Barony in the Peerage of the United Kingdom

Baron Russell of Liverpool, of Liverpool in the County Palatine of Lancaster, is a title in the Peerage of the United Kingdom. It was created in 1919 for Sir Edward Russell. He served as editor of the Liverpool Daily Post for almost fifty years and also briefly represented Glasgow Bridgeton in the House of Commons as a Liberal.
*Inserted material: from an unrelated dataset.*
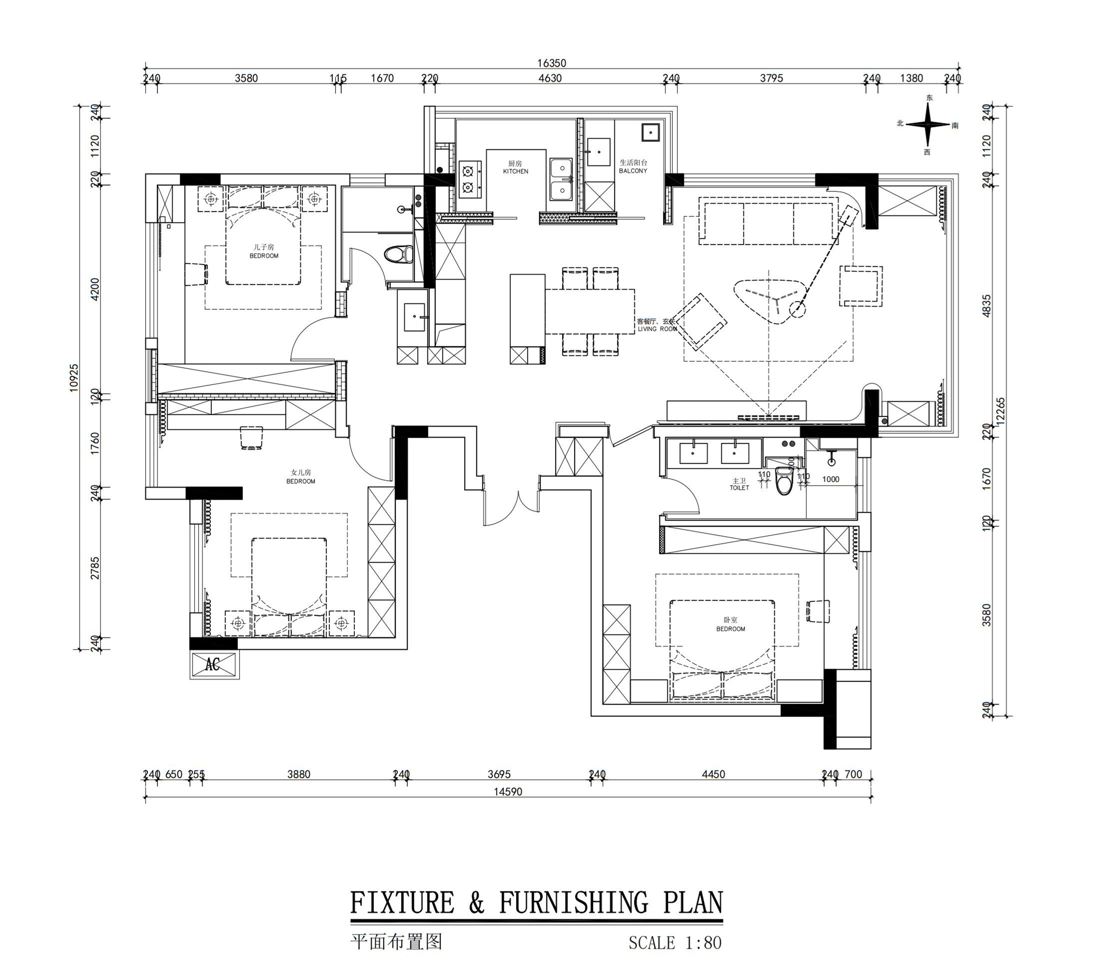 项目定位:该案是为一个四口之家打造的居所,因为喜欢热闹所以父母、妹妹都在同一小区同一栋楼购置的房子。因为家人在楼上楼下所以不必单独预留房间,将套四改套三。公共空间以玄关、厨房、餐厅,卧室以三间次卧为主要改造对象,对其面积重新拆分进行组合,最后呈现出通透、开朗的区域关系。两间儿童房也获得更大的使用空间,配以更完善的功能需求。

His three sons predeceased him. His grandson, the second Baron, was a lawyer and author who earned the Military Cross in the First World War. As Deputy Judge Advocate General to the British Army of the Rhine he was one of the chief legal advisers during the war crimes trials held in Nuremberg and Tokyo at the end of the Second World War.

As of 2017, the title is held by his grandson, the third Baron, who succeeded in 1981. He serves as an elected hereditary peer in the House of Lords having been elected at a by election in December 2014. He sits as a Crossbencher.

==Barons Russell of Liverpool (1919) and heirs==
- Edward Richard Russell, 1st Baron Russell of Liverpool (1834–1920)
  - Richard Henry Langley Russell (1861–1899), predeceased his father the 1st Baron
- Edward Frederick Langley Russell, 2nd Baron Russell of Liverpool (1895–1981)
  - Captain the Hon. Langley Gordon Haslingden Russell (1922–1975), predeceased his father the 2nd Baron
- Simon Gordon Jared Russell, 3rd Baron Russell of Liverpool (b. 1952)

The heir apparent is the present holder's son the Hon. Edward Charles Stanley Russell (b. 1985).

- Edward Richard Russell, 1st Baron Russell of Liverpool (1834—1920)
  - Richard Henry Langley Russell (1861—1899)
    - Edward Frederick Langley Russell, 2nd Baron Russell of Liverpool (1895—1981)
      - Hon. Langley Gordon Haslingden Russell (1922—1975)
        - Simon Gordon Jared Russell, 3rd Baron Russell of Liverpool (b. 1952)
          - (1) Hon. Edward Charles Stanley Russell (b. 1985)
          - (2) Hon. William Francis Langley Russell (b. 1988)
        - (3) Hon. Adam Mark Haslingden Russell (b. 1957)
        - (4) Hon. Daniel Charles Edward Russell (b. 1962)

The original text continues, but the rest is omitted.